Holt-Kipper has been volunteering her entire life, whether working at various soup kitchens or making a dozen trips to El Salvador during the war in the 1980’s.
“I’ve always been involved in the community, I do the forensics tournaments for Hickman Mills, Ruskin,” Holt-Kipper said. “I’ve always done something, and my mom passed away three years ago. My mom had lived with me for 33 years, my mom was one of my first volunteers. My mom didn’t even finish high school, but she came every day and I always tell the story that my mom was 92 years old, she still wanted to come. She wanted to know what I did.”
Her mom would “hold court” in the food pantry, settling disagreements between students, or just listening to their problems – even if she didn’t understand their language.
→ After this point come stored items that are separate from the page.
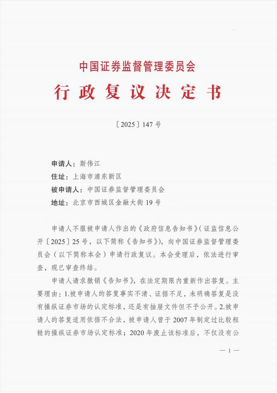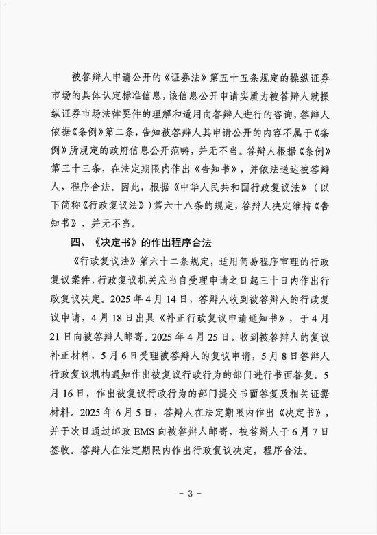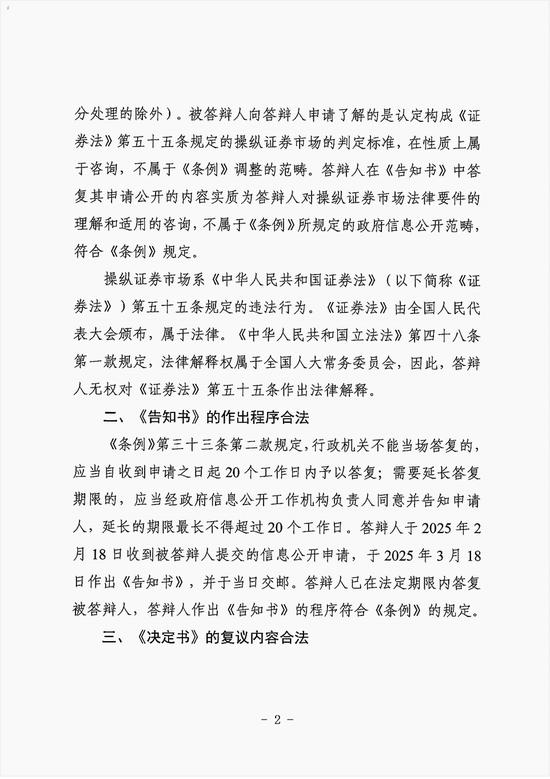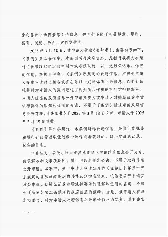2025年6月5日,被告作出“〔2025〕147號”《行政復(fù)議決定書》,認為:“公民、法人或其他組織以申請政府信息公開為名,請求解答相關(guān)事項疑問,屬于向政府提出咨詢,不屬于政府信息公開申請。本案中,關(guān)于申請人申請公開的《證券法》第五十五條規(guī)定的操縱證券市場的具體認定標準信息,該信息公開申請實質(zhì)為申請人就操縱證券市場法律要件的理解和適用的咨詢,不屬于《條例》第二條規(guī)定的政府信息的范疇。據(jù)此,被申請人在法定期限內(nèi),針對申請人政府信息公開申請作出的答復(fù),具有事實和法律依據(jù),并無不當。”決定維持被告作出的《政府信息告知書》(證監(jiān)信息公開〔2025〕25號),并指出申請人不服本復(fù)議決定,可在收到本復(fù)議決定書之日起15日內(nèi)向有管轄權(quán)的人民法院提起訴訟。
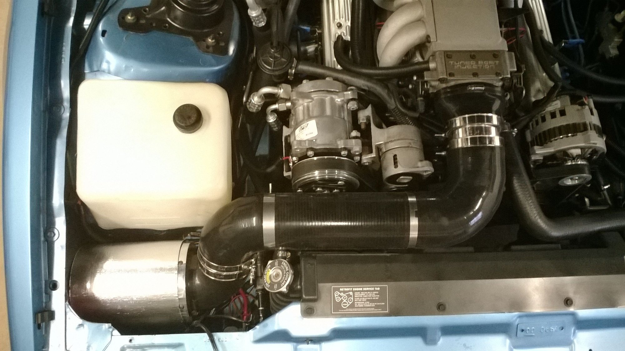 So, I have attempted several different versions of getting away from underhood air. After relocating the canister under the headlight, I first tried a 4-inch addition to the stock air cleaner canister (see photo). This very much accomplished getting "cold" air in, but I decided that the stock air inlet tube was probably insufficient for my mild 350 vortec TPI. I based this on the data log kPa readings I was getting over 4,000 rpm; as much as 4 kPa drop. Second try accomplished using 3-1/2 inch from throttle body to a 4-inch inline air filter that was then sealed to the inner fender. There was barely enough space for this with A/C, etc. In fact, I had to find a molded 90 degree hose to clear the coolant overflow line. There's about 3/8-inch clearance to the A/C pulley and less hood clearance than that, but it just clears. The air around here right now is pretty bad (90+ with dew points in the 70s) so I will probably wait until better weather to determine the effectiveness of the bigger intake. I know the stock inlet actually necks down pretty small at one spot, and I figure, hey, bigger's not gonna hurt, right?
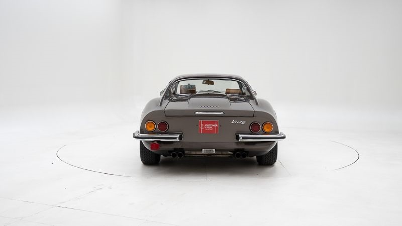 Merk: Ferrari Model: Dino 246 GT Bouwjaar: 1972 Motor: 2.418 cc V6 Transmissie: Manuele versnellingsbak Kleur: Marrone Dino Metallizzato Kilometerstand: 84.795 km (afgelezen) Chassisnummer: 05166 Stuurpositie: Links Datum eerste inschrijving: 20-11-1972
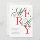 Celebrate the season in style with this elegant Christmas party invitation featuring bold red and green “MERRY” typography in a mix of classic script and modern lettering. Perfect for holiday gatherings, office parties, or family celebrations, this festive design adds a touch of sophistication while keeping the holiday spirit bright and cheerful. Easily personalize with your party details for a warm and stylish holiday invitation.
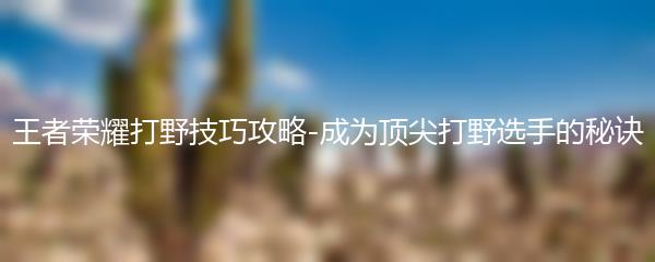 王者荣耀打野技巧攻略-成为顶尖打野选手的秘诀
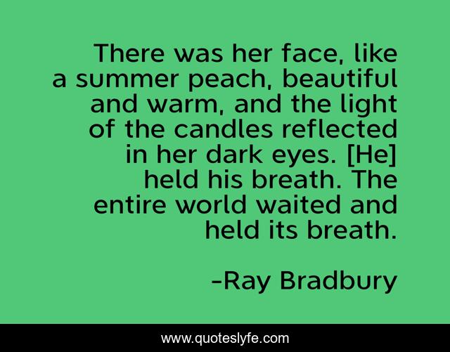 This page presents the quote "There was her face, like a summer peach, beautiful and warm, and the light of the candles reflected in her dark eyes. [He] held his breath. The entire world waited and held its breath.". Author of this quote is Ray Bradbury. This quote is about love, affection, women,.

“A lot of our students are immigrants and one of them would just be bending her ear, and Mom would just be eating her breakfast and would just be patting their hand,” Holt-Kipper said. “We get in the car to go home and my mom would look at me and she’d go, ‘What the hell did that kid say?’”
It wasn’t about understanding, it isn’t just about providing sustenance, for the alumni of Northeast High School. They return to their alma mater each week to let students know they have support.
“We just need somebody to give a hug to or tell you it’s going to be okay, or give you a piece of candy to make it okay,” Holt-Kipper said.